L’eau du baquet ou du robinet coule, froide, parfois glaciale. L’eau chaude est un luxe ou un hasard. Elle ne vient que si l’eau a longtemps séjourné au creux des tuyaux. Sa température impossible à régler est brûlante, trop chaude pour un jour déjà trop chaud.

 

Chez moi 3Parfois, il n’y a ni eau ni courant. La faute à la dernière saison des pluies pas assez arrosée qui assèche les barrages. Au bungalow, ces journées-là sont difficiles. Vaincue, je sors pour me diriger vers la plage, ses quelques bars et restaurants dotés de générateurs.


Quand je plongeais encore, je remarquais à peine ces temps de disette. Immergée en profondeur, j’avais de l’eau à profusion et nul besoin de courant. Une bonne fatigue, intense, qui me vrillait le corps dès huit heures du soir.

Si je m’asseyais, je piquais du nez. Si je me couchais, je m’endormais.

Combien de fois ai-je sursauté à l’aube, encore habillée de la veille, peau salie de la poussière de la route et cheveux raidis de sel ?

 

Ces matins-là, mon estomac criait famine. Si je n’avais rien dans le frigo, je me précipitais au magasin attenant à la propriété. Achetais des gâteaux, rassis d’être restés trop suspendus, des œufs, des crackers. Des bonbons, des nouilles, n’importe quoi de comestible, même si le poisson séché au réveil, je n’ai jamais pu.

 

Cette minuscule épicerie s’appelle un sari-sari. Aux Philippines, il y en a des milliers éparpillés en bord de route, au voisinage des maisons ou des arrêts de bus.

Un sari-sari offre un peu de tout, des recharges de téléphone aux élastiques, de la Javel au rhum national, le Tanduay, liquoreux comme un sirop et traître comme un coup de machette.

Tout s’y vend, oui, mais à l’unité. Cigarettes, lessive, médicaments ou shampooing sont disponibles à la pièce. C’est sûrement pour cette raison que Madame Figueras, la patronne du mien, m’apprécie beaucoup. A ses yeux, je suis l’étrangère qui ne détaille pas. Celle qui lui achète le paquet pour fumer, le stock de lessive pour nettoyer son linge et le savon entier pour se doucher.


Malgré ses grands sourires, nos rapports sont cependant limités. Dans un sari-sari on n’entre pas. On commande au comptoir lorsqu’il y en a un, debout derrière la grille qui protège la marchandise. Et la tenancière, ouvrant un petit carré mobile percé dans la grille, vous sert avec plus ou moins de bonne grâce. Tout dépend de son humeur et de l’heure. De son envie de fermer ou d’attendre le client.

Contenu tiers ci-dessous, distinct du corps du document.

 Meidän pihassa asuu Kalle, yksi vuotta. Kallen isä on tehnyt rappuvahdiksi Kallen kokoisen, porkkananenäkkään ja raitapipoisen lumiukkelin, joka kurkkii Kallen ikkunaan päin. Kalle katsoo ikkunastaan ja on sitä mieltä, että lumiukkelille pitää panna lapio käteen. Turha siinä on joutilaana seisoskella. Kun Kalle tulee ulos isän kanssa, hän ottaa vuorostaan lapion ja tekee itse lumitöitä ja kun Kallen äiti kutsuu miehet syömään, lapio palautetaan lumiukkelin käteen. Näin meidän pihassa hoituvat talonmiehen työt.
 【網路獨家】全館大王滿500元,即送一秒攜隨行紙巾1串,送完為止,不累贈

Les heures d’ouverture ? Elles n’existent pas.

Il est des après-midis où, en dépit de la grille ouverte, je renonçais à me faire servir. Pas le cœur à réveiller Madame Figueras pesamment endormie sur sa chaise.

Il est des soirs où, dès sept heures, des planches doublonnent la grille. La boutique rouvrira plus tard… ou demain, si Dieu le veut bien.

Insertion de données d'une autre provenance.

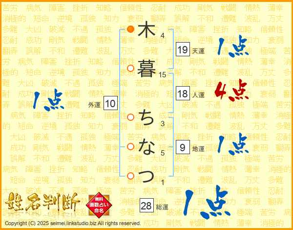 木(4画)暮(15画) ち(3画)な(5画)つ(1画)

D’autres où, à dix heures passées, le néon est encore allumé. Où la télé braille un combat de boxe ou une série à l’eau de rose. Les Feux de l’Amour philippins attirent leur quota de spectateurs. Assis en rang sur les bancs rouges jouxtant l’échoppe, partageant une bouteille de Tanduay, ils regardent le petit écran à travers la grille. S’inclinent au gré des péripéties pour le voir en entier. Commentent à grand bruit un bon coup de poing ou les amours contrariées de l’héroïne.

Une fois la boutique close, il leur arrive d’être encore là. Ivres mais bon enfant, m’invitant tandis que je passe à partager un fond de bouteille.

- Non merci, dis-je toujours, un sourire aux lèvres pour atténuer le refus.

 

Chez moi 4Depuis que je suis là, les motos-taxis - abal-abal en visaya – ne me demandent plus mon adresse. Dès qu’ils me voient remonter de la plage, ils crient :

« Figueras, Figueras ! Ride, Mâ’âm ! »

Mâ-âm, abréviation de madame, est certainement le mot que j’ai le plus entendu ici. Il accompagne chaque phrase comme une identité. Laisser-passer d’étrangère trop blonde et trop clairs d’iris pour se fondre à la population.

Pour eux je serai toujours l’autre, la blanche, celle qu’ils prennent pour une Américaine avant de me poser la question rituelle :

- What is your country, Mâ-âm ?

Et je clame “France !” à tous les vents, m’étonnant moi-même de me sentir si patriote.

 

Figueras, du nom du sari-sari, est pour mes chauffeurs d’un moment mon adresse, vu que le bungalow n’en a pas. J’habite un endroit qui n’existe sur aucune carte, un lieu difficile à trouver même pour qui en connaît le nom.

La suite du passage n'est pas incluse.